Should geese be kept for their eggs and company rather than their meat this Christmas? We speak to Louise Rennie, from Edenwater Eggs in Kelso, who is firmly in praise of her white-feathered friends...

Geese don't exactly have the best reputation in the world of birds. Maybe that's why, historically, they're been more common as a fixture on our dinner tables than in our back yard. But if the 12 days of Christmas song is anything to go by, a goose was once seen as a legitimate gift idea, albeit a grumpy, honking, hissing one.

Or at least that's the reputation these white birds hold. In reality, however, a goose is like any other creature in so far as if its basic comforts are supplied then it's a perfectly loveable pet -or so says goose owner Louise Rennie, anyway.

Rennie runs Edenwater Eggs - a small business providing a veritable selection box of eggs from the hens, ducks, geese, quails, and bantams that roam Syndenham Farm where she, her brother Robert and dad Andrew live and work. Operating from Kelso, the farm's birds are all truly free-range in as much as there are no fences surrounding the land's perimeters, meaning they can roam the entire plot from 7am, when the poultry are let out, to sundown when they go into their henhouses to roost.

Technically speaking, the 12 days of Christmas song is slightly erroneous on the sixth day - geese only lay eggs from when the days begin to get longer to mid-summer, so anyone receiving a gaggle for the festive season would have had a bit of a wait until the warmer months upon which eggs would materialise.

But Rennie believes that the value of geese extends past their meat.

Indeed, her gaggle came to her as young adults from another Scottish farm where they were being raised for Christmas.
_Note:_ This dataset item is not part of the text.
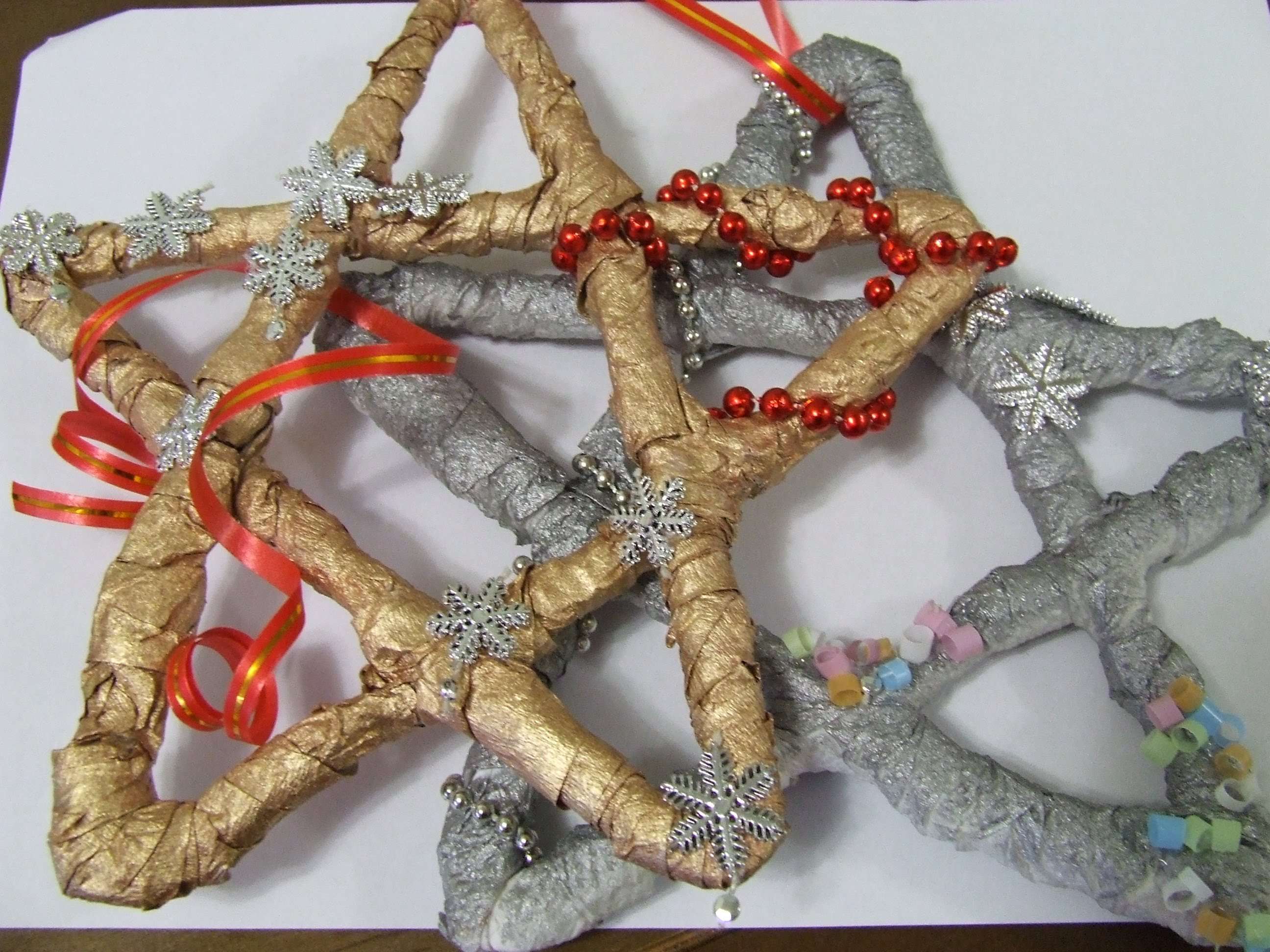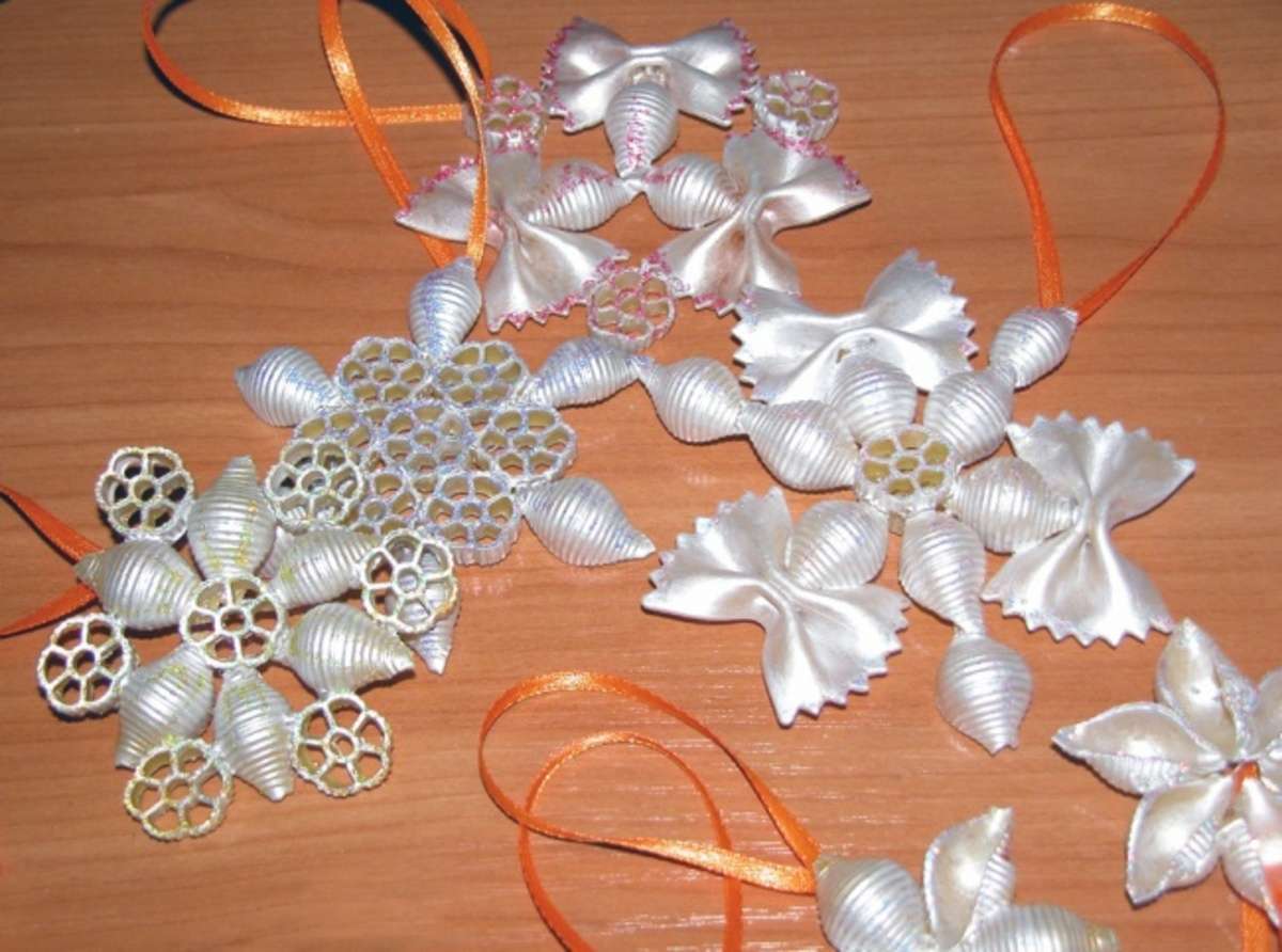 - Macarrão. Com a ajuda de massa encaracolada, você pode fazer figuras diferentes. Por exemplo, variedades na forma de arcos podem ser amarradas em um arame e fazer tais contas. E o macarrão na forma de rodas pode ser colado repetindo a forma de um floco de neve. Nos supermercados você pode encontrar itens coloridos que também parecerão originais.

Once purchased, however, it became clear that although the geese's laying season is relatively short, their behaviour all year round merits their long-term place in the farm family.

"I originally bought the geese without Dad knowing as I knew he wasn't keen to have them as they do have a reputation for being bad tempered," Rennie explains.

"The only goose that has a name is the gander Brian - I've no idea where that name came from though! He is my favourite due to his big personality."

Syndenham Farm's geese start their day at 7am, when Rennie will let them out of their houses. She will collect the duck eggs while the ducks and geese go to the pond together for their morning wash, after which the two broods will return to the henhouses to feed. Later, the ducks will return to the pond to spend the day on the water, but the geese, after their feathers have been cleaned and preened, will eschew the water to graze around the pond and in neighbouring fields.

After lunch Rennie returns to the birds to collect the second batch of eggs and feed them again. Like other pets, providing geese are well- fed, can clean themselves, have company and lots of space they will behave themselves, even if their reputation

"My geese are all even tempered and will only hiss at something or someone who they don't like. They get on well with all the other poultry and share a house with the ducks, proving they're relatively sociable. They do need a lot of space to roam and graze all day to keep them happy, but I think they make great pets as they do become friendly with whoever feeds them."

"Additionally they make good guards for around the farm as they will "honk" if they see something they don't. They are good with dogs they know but can tell one dog from another even if they are the same breed. The geese will let me know if there's a strange dog about.

"Geese shouldn't just be kept for meat, because their eggs are delicious and versatile. They are great company if you treat them kindly and will keep a patch of grass evenly grazed for you."

When in season, Rennie's geese eggs retail for £1 each. And in-keeping with their idiosyncratic behaviour, laying patterns can be a little more lax than by-the-book hens - instead of an egg a day, each goose will lay between 35 and 40 between March and June. But who buys them, and what do they use them for?

"People buy goose eggs for baking with or for frying or scrambling, mainly. Most of my customers like them fried with bacon for a really big Sunday breakfast."

 "I actually have a little customer who comes to The Egg Shack, which is a little shed on the farm that has an honesty box policy, to buy a dinosaur egg.

"He eats a whole one to himself despite only being four years old as he firmly believes an egg that big could only come from a dinosaur."

"Unfortunately Christmas day is just another day for the geese which means I'll have to work my present-opening dinner around them.

"Saying that, they'll enjoy not being eaten, so maybe Christmas day will be special for them after all!"